Refer to Problem 3.44.

Part (a)

How would your answer change if a reasonable estimate of the experimental error variance were \(\sigma^2=36\)?

mu1 <- 50
mu2 <- 60
mu3 <- 50
mu4 <- 60
k3.44 <- 4
var3.44 <- 36
alpha3.44 <- 0.05
power3.44 <- 0.9
diffmeans3.44=abs((mu1-mu2)+(mu3-mu4))/k3.44
pwr.anova.test(k=k3.44,n=NULL,f=sqrt((diffmeans3.44)^2/var3.44),sig.level=alpha3.44,power=power3.44)
## 
##      Balanced one-way analysis of variance power calculation 
## 
##               k = 4
##               n = 6.180857
##               f = 0.8333333
##       sig.level = 0.05
##           power = 0.9
## 
## NOTE: n is number in each group

R calculates R calculates that \(n=6.18\) (rounded up to 7) samples per population should be taken. However, I don’t believe that this value is correct because, as before, I don’t think I correctly solved for the difference in means to use in the power.anova.test.

Part (b)

How would your answer change if a reasonable estimate of the experimental error variance were \(\sigma^2=49\)?

mu1 <- 50
mu2 <- 60
mu3 <- 50
mu4 <- 60
k3.44 <- 4
var3.44 <- 49
alpha3.44 <- 0.05
power3.44 <- 0.9
diffmeans3.44=abs((mu1-mu2)+(mu3-mu4))/k3.44
pwr.anova.test(k=k3.44,n=NULL,f=sqrt((diffmeans3.44)^2/var3.44),sig.level=alpha3.44,power=power3.44)
## 
##      Balanced one-way analysis of variance power calculation 
## 
##               k = 4
##               n = 7.998751
##               f = 0.7142857
##       sig.level = 0.05
##           power = 0.9
## 
## NOTE: n is number in each group

R calculates R calculates that \(n=8\) samples per population should be taken. However, I don’t believe that this value is correct because, as before, I don’t think I correctly solved for the difference in means to use in the power.anova.test.

Part (c)

Can you draw any conclusions about the sensitivity of your answer in this particular situation about how your estimate of \(\sigma\) affects the decision about sample size?

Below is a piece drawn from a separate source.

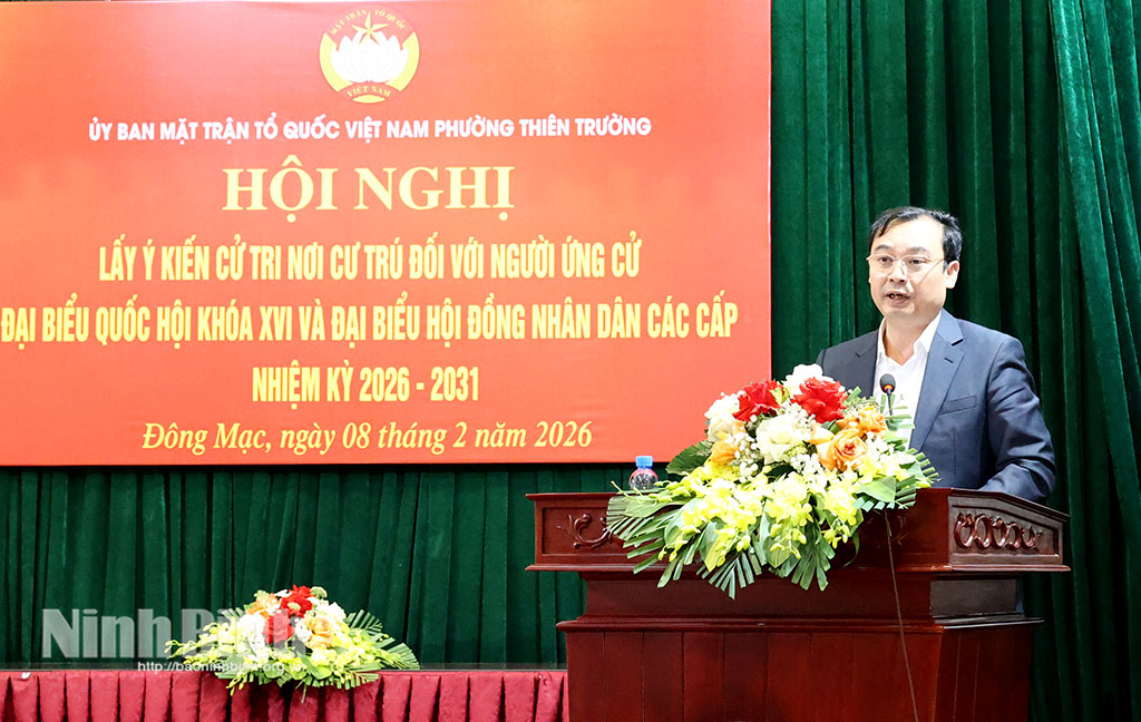 Chiều 8/2, Ban Thường trực Ủy ban MTTQ Việt Nam phường Thiên Trường tổ chức hội nghị cử tri nơi cư trú để lấy ý kiến nhận xét và tín nhiệm đối với người ứng cử đại biểu HĐND các cấp nhiệm kỳ 2026-2031 đang cư trú tại Tổ dân phố số 3, Tổ dân phố số 4 Đông Mạc.

Answer: Yes. As \(\sigma\) increases, the sample size needed per population also increases.

Part (d)

Can you make any recommendations about how we should use this general approach to choosing \(n\) in practice?

Answer: Yes. This general approach should only be used when the variance is known or can be reasonably estimated. As seen previously, when the variance changes, the required sample size also changes.